Provincial Archives Division technicians Elizabeth Fewer, Beverly Bennett and director Greg Walsh sort through some of the records gathered from Grenfell House Museum in St. Anthony. Amongst the documents is a photo of former United States President Theodore Roosevelt, which Dr. Wilfred Grenfell received from the Commander in Chief himself, and a photo of four of Dr. Grenfell’s dogs. - Stephen Roberts
Provincial Archives Division technicians Elizabeth Fewer, Beverly Bennett and director Greg Walsh sort through some of the records gathered from Grenfell House Museum in St. Anthony. Amongst the documents is a photo of former United States President Theodore Roosevelt, which Dr. Wilfred Grenfell received from the Commander in Chief himself, and a photo of four of Dr. Grenfell’s dogs. - Stephen Roberts

 

ST. ANTHONY, NL – The International Grenfell Association (IGA) is working with The Rooms in St.
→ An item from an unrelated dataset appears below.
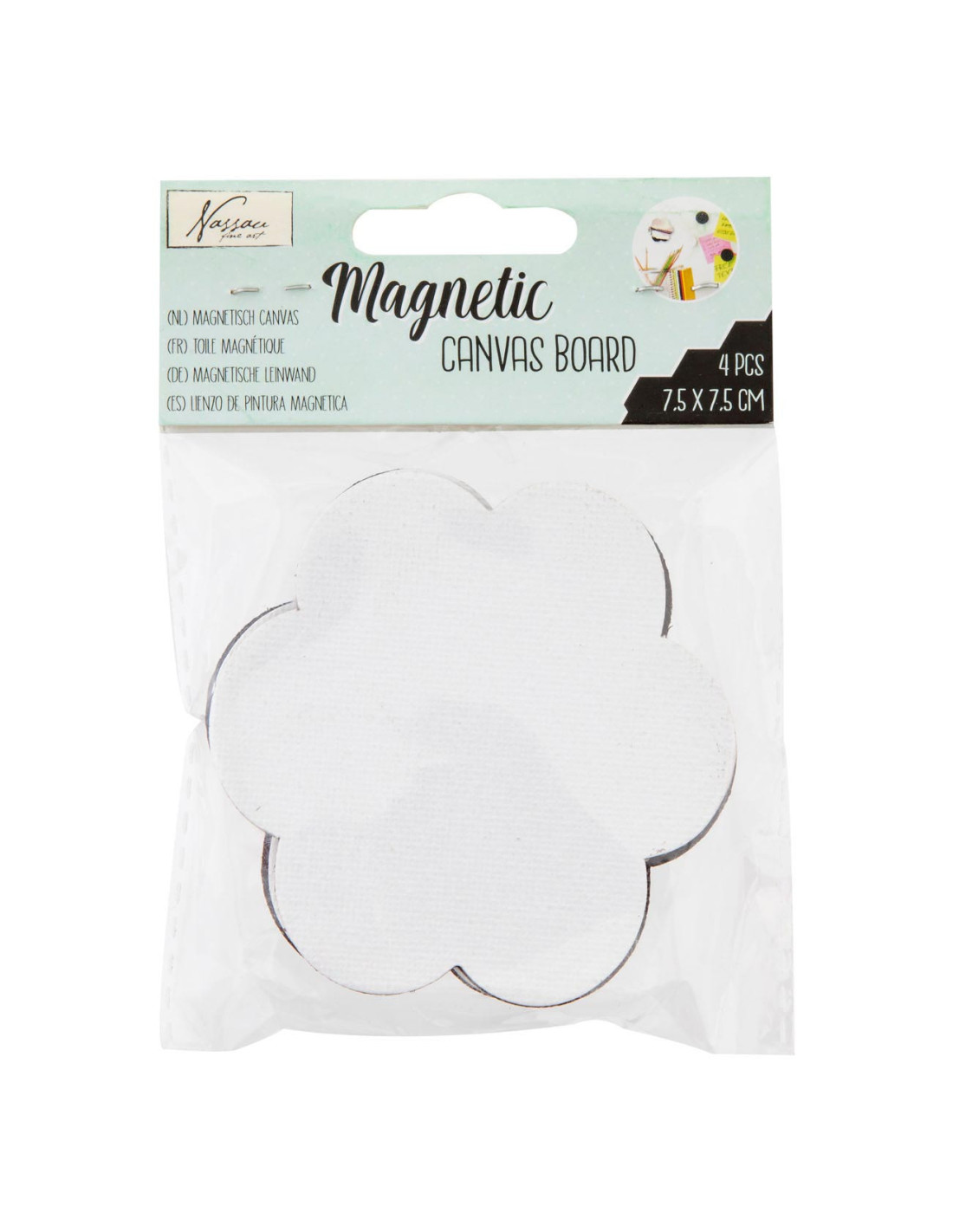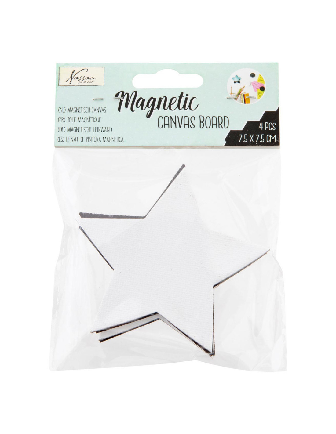 4 stuks magnetisch canvas van Nassau. In bloem of ster-vorm. Afmetingen: 13 bij 9,5 bij 2,1 cm. Geschikt vanaf 3 jaar.
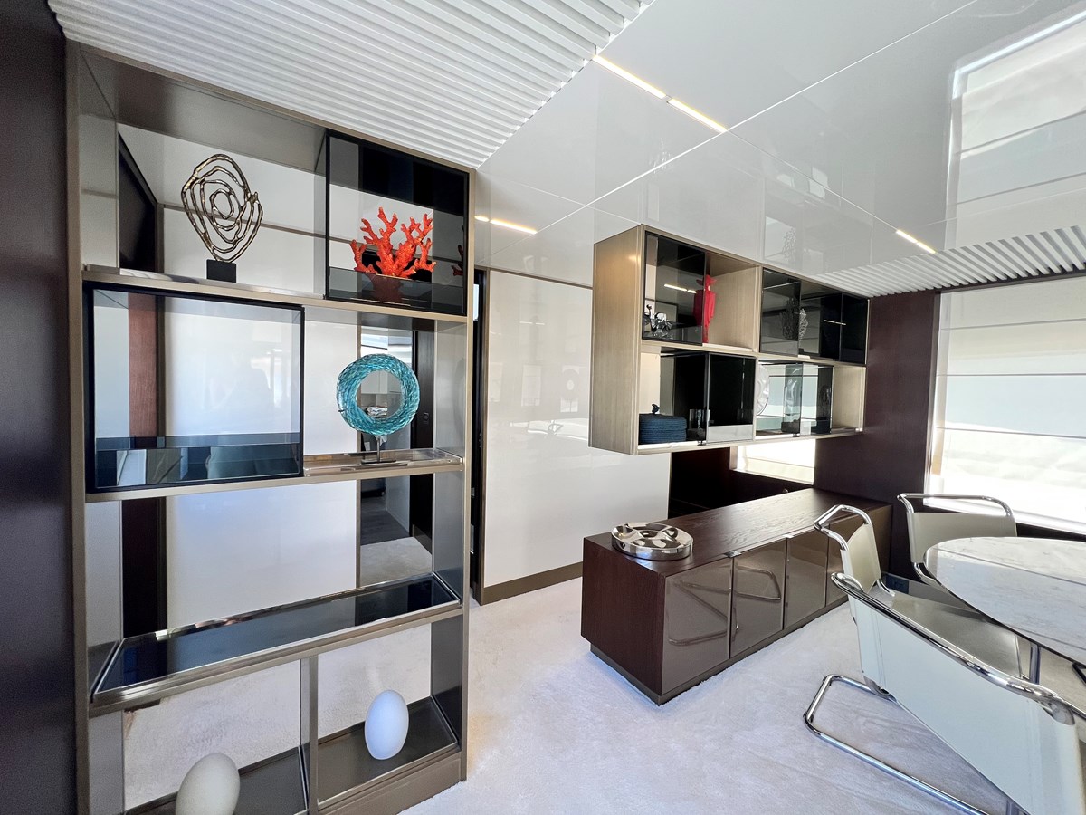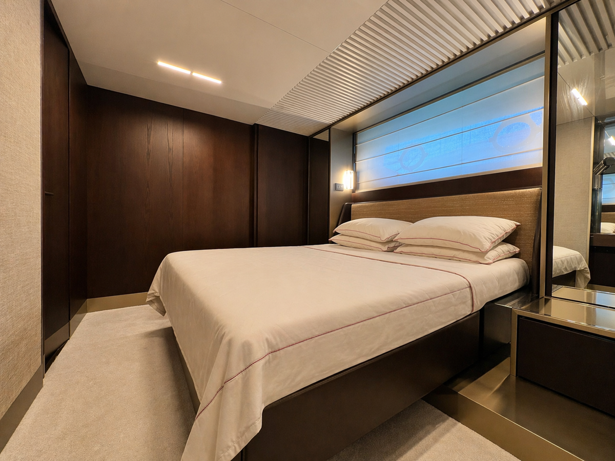 The lower deck accommodates 8 guests in 4 en-suite cabins, all finished to Ferretti’s high standards:

John’s to preserve more of the original records of Dr. Wilfred Grenfell and make them more accessible.

About a year and a half ago, the IGA asked The Rooms Corporation’s Provincial Archives Division team to work with the local Grenfell Historical Society (GHS) board to preserve the Grenfell Historic Society’s records in St. Anthony.

The first part of the project was conducted last year, when division staff took some of the records from the Grenfell Interpretation Centre. This year, they’re taking records from the Grenfell House Museum.

Archives director Greg Walsh and technicians Beverly Bennett and Elizabeth Fewer removed items from the site, including photographs, letters, diaries, ledgers, songs and poems.

They will copy and digitize the documents back in St. John’s and return the reproductions to the Grenfell House for next year.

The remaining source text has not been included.